Content security refers to the protection of information content and the compliance of information content with the requirements of political, legal and moral levels. With the rapid development of mobile Internet, digital media, artificial intelligence and other technologies and applications, the importance of content security is becoming more and more prominent. Artificial intelligence, especially the development of technologies such as in-depth learning and knowledge map, can effectively improve the ability of content identification, protection and violation review, and accelerate the content security governance to be automated, intelligent, efficient and accurate.
With the rapid development of mobile Internet, digital media, artificial intelligence (AI) and other technologies and applications, the importance of content security is becoming more and more prominent.

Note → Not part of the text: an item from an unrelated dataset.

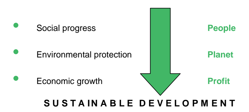
Figure 1. 'Triple bottom-line approach'

Through the 'triple bottom-line approach' (Figure 1), sourcing of required natural resources follows the Triple-P approach: work towards social progress of people, environmental protection of the planet, and economic growth or profit in the (developing) countries that supply us with the key raw materials.

The connotation of content security includes two levels: the first level refers to the protection of information content, such as anti theft and anti tampering, which involves many aspects such as information content confidentiality, intellectual property protection, information hiding and privacy protection; The second level refers to that the information content meets the requirements of political, legal and moral levels. Content security has an important impact on the country and society from many aspects, from high-risk content affecting national security such as reactionary and violent terrorism, to risk content affecting social people’s livelihood such as pornography and gambling, and then to content affecting enterprise business and personal life such as garbage advertising. At the same time, content fraud such as false news and network rumors has become one of the biggest problems affecting content security governance.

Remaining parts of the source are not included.